W naszej kulturze przyjęło się, że wraz ze wzrostem wiedzy i rozwoju danej osoby rosną także oczekiwania względem niej. Dziecku pozwala się na wiele zachowań, na które nie ma już zgody u nastolatka, a które wręcz są oburzające u osoby dorosłej. Młody pracownik ma większe przyzwolenie na błędy, ale oczekuje się, że wraz z jego wdrożeniem sytuacje takie przestaną się zdarzać. Innymi słowy: oczekiwania względem ludzi rosną im bardziej się oni rozwijają. A jednak to ludzie w swoim wysokim stopniu rozwoju ignorują potrzeby czy też zasady komunikacji innych gatunków, które uważane są za mniej rozwinięte. Mało tego, oburzają się, że gatunek ten nie rozumie ludzkiego punktu widzenia.

Co za głupi pies, znowu wykopał dół w ogrodzie / pogryzł buty / podrapał drzwi. Czy wiesz dlaczego pies to robi? Jaka jest jego potrzeba aktywności i jak manifestuje frustrację w tym zakresie? Jakiej jest rasy i jak się to wiąże z jego repertuarem zachowań i potrzebami? Denerwuje Cię to? To tak jakby współlokator denerwował się na Ciebie kiedy z nudów przeglądasz Internet lub czytasz książkę. Co pomyślałbyś o osobie, która chodzi za Tobą i zabiera Ci kolejne przedmioty, które bierzesz, aby czymś się zająć?

Ten głupi kot znowu podrapał kanapę! Czy masz świadomość, że drapanie jest naturalnym zachowaniem kota i nie można go tego oduczyć? Można jedynie przekierować uwagę kota na inny obiekt i to pod pewnymi warunkami. Nie robi tego na złość. Nie rozumie też dlaczego się złościsz. To tak jakby współlokator złościł się na Ciebie za to, że używasz mowy. Co pomyślałbyś o osobie, która zakazuje Ci mówić, krzyczy na Ciebie i rzuca przedmiotami kiedy tylko wydasz z siebie jakiś dźwięk i nie robi tego dlatego, że potrzebuje ciszy?

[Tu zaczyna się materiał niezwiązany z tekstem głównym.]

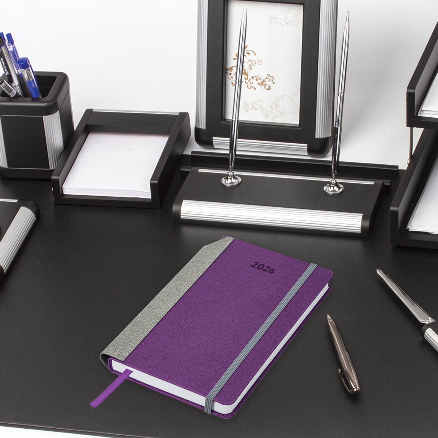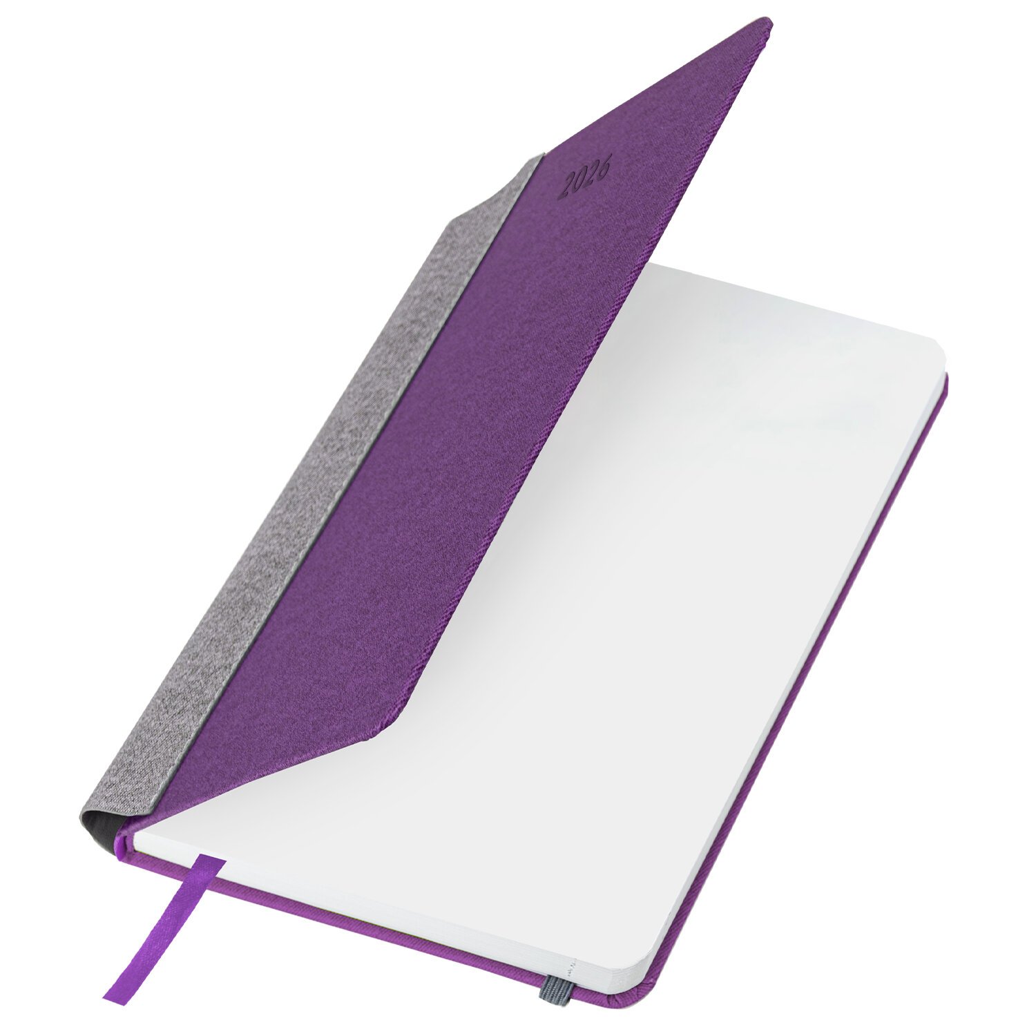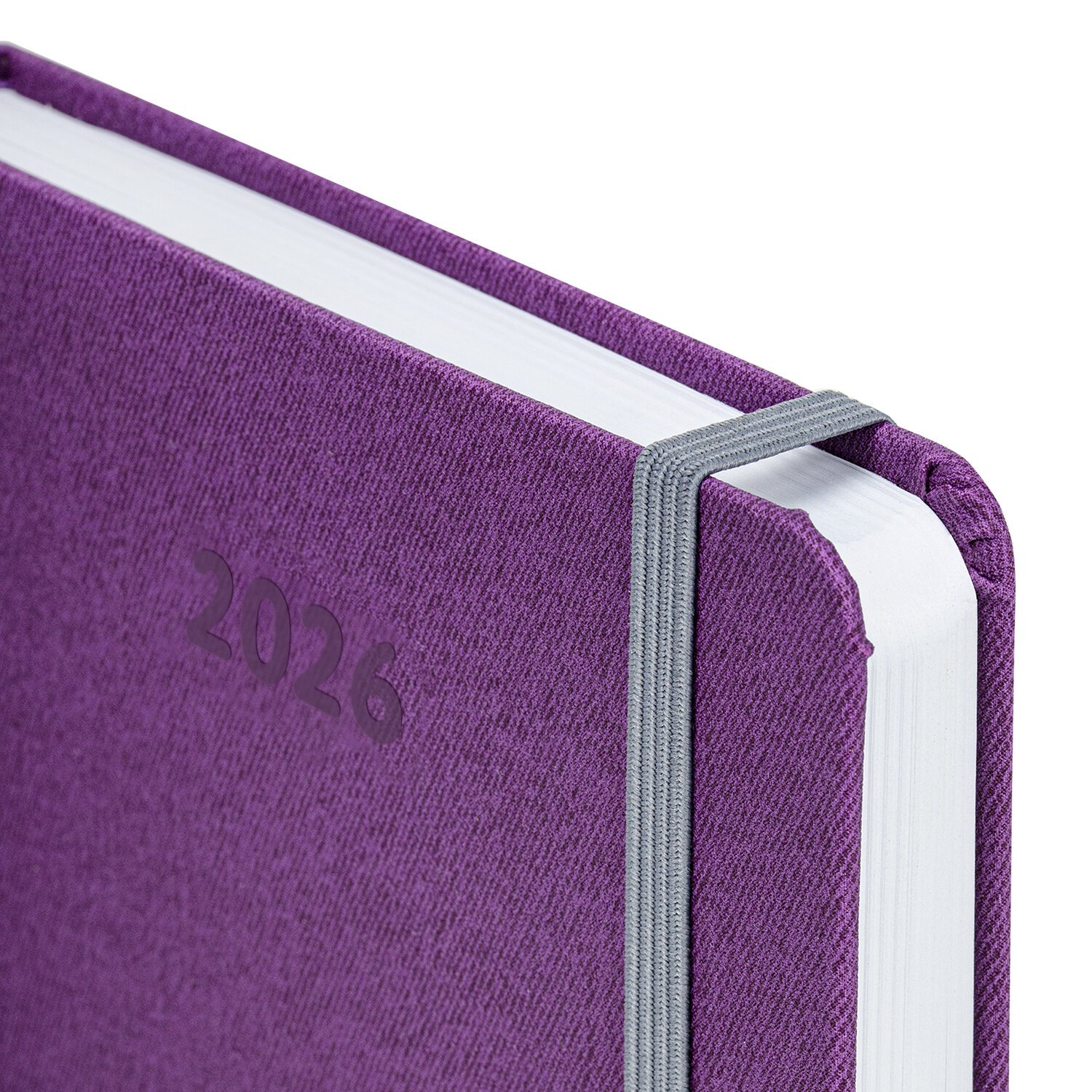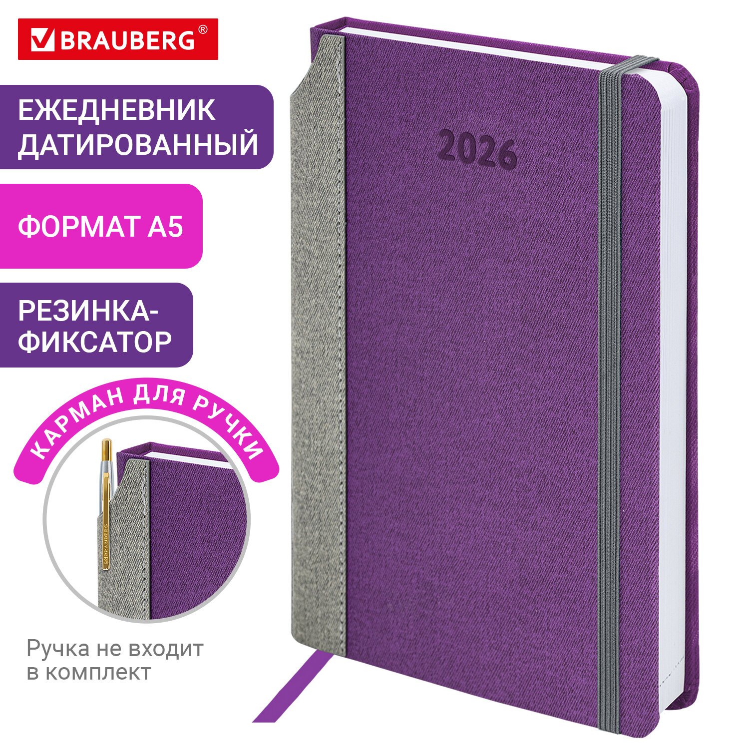 Выполнен в стильном сочетании фиолетового и серого цветов. Жесткая книжная обложка стилизована под искусственную кожу с текстурой льна, фиксируется резинкой, поэтому ежедневник не откроется в сумке или портфеле и страницы не помнутся. Материал обложки подходит для горячего тиснения. Для удобства пользования ежедневник снабжен карманом для фиксации ручки. Дополнением является закладка-ляссе, с помощью которой при необходимости можно быстро открыть ежедневник на нужной странице.
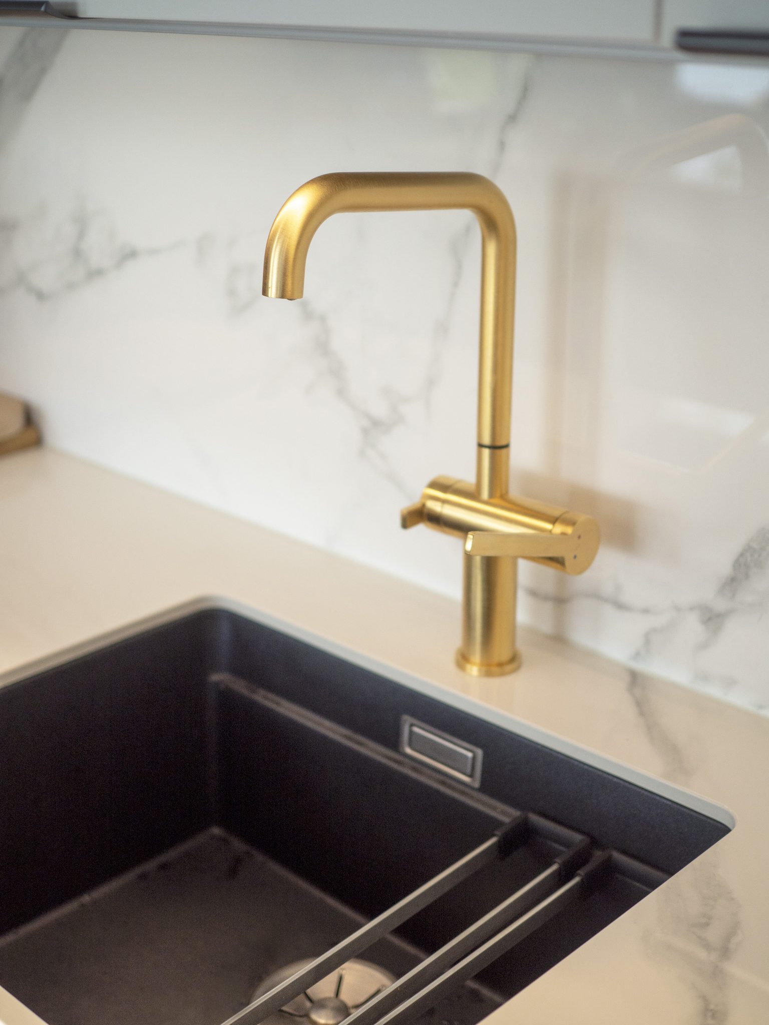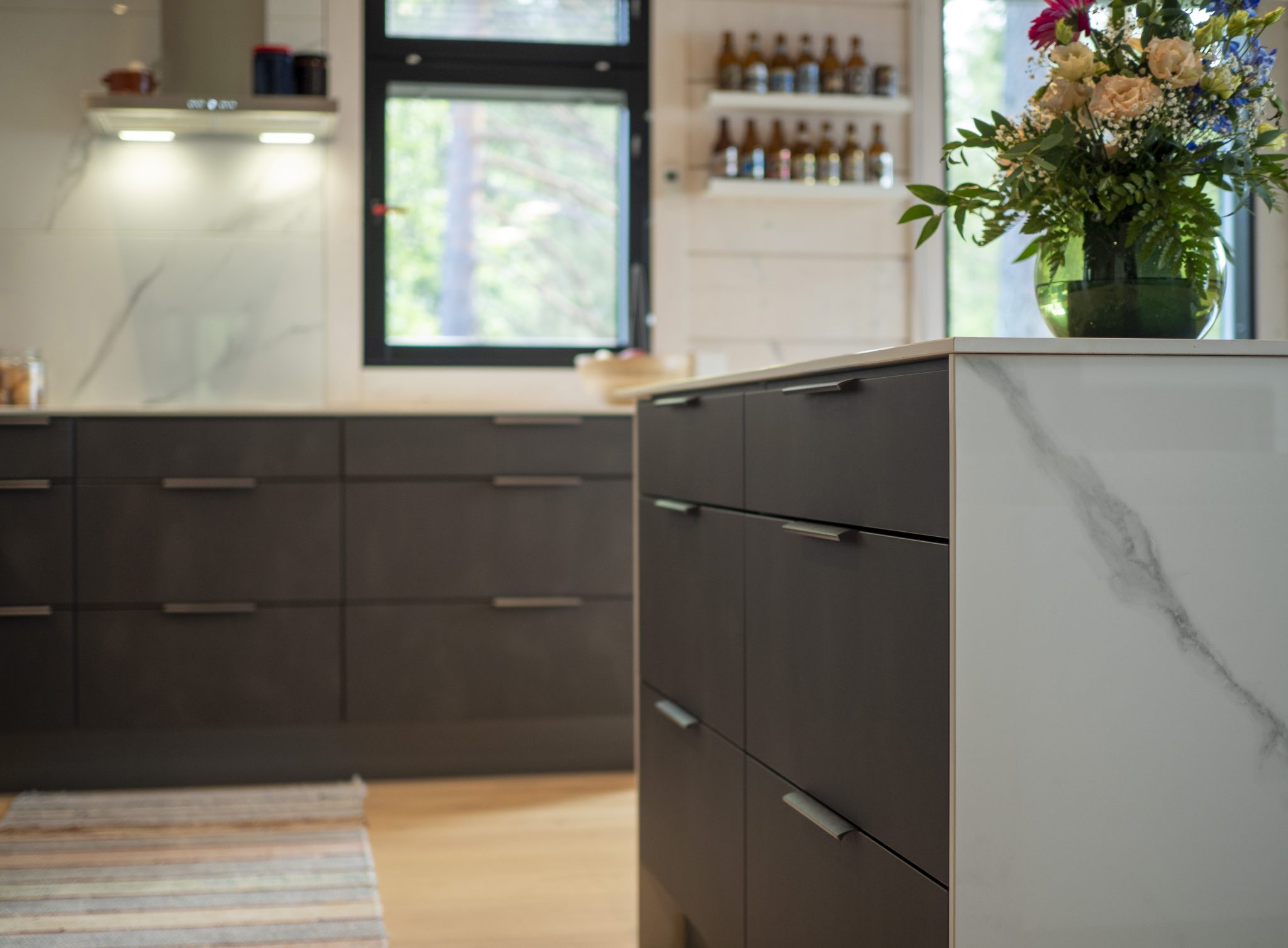 – Keraamisella tasolla on samat ominaisuudet kuin kivellä. Se kestää kosteutta ja kuumuutta, ja pinta on helppo pitää puhtaana. Lisäksi siitä saa halutessaan kivitasoa ohuemman, mikä tuo keittiöön modernia ilmettä, Marita kertoo.

Wielu posiadaczy czworonogów nie zna naturalnych potrzeb swoich podopiecznych, repertuaru zachowań wynikających z ich gatunku i specjalnych potrzeb związanych z rasą. Tymczasem psy i koty robią co mogą, aby zrozumieć ludzi, dopasować się do ich potrzeb i komunikować się z nimi. A co z założeniem, że to od wyżej rozwiniętej jednostki wymagamy więcej?

DOBRY PIES!

Jak właściciel najczęściej chwali psa? Zazwyczaj głaszcze lub poklepuje po głowie, pochylając się nad nim. Z punktu widzenia psa jest to niegrzeczne, a nawet zagrażające. Pomyślicie sobie: Jak to? Przecież mój pies to lubi! Owszem, nauczył się, że nie jest to groźne, ani nie świadczy o złej intencji. Jeśli jednak chcesz naprawdę sprawić mu przyjemność – zrób to tak, jak psy lubią. Jeśli głaszczesz – rób to pod brodą lub za uszami. Jeśli poklepujesz (co świetnie działa na większe psy, np. molosy, ale już niekoniecznie na ratlerki) – klep barki (boki), a nie głowę. Może zauważyłeś, że obce psy podchodzą do siebie po łuku, a nie na wprost. To w psim języku pewnego rodzaju uprzejmość. Kiedy więc idziesz do obcego psa na wprost, patrząc mu w oczy i z wyciągniętą ręką, którą zawieszasz nad jego głową myśląc, że właśnie witasz się z uroczym psiakiem – to trochę tak jakby ktoś biegł na Ciebie rzucając przekleństwami pod Twoim adresem i z wyciągniętą pięścią.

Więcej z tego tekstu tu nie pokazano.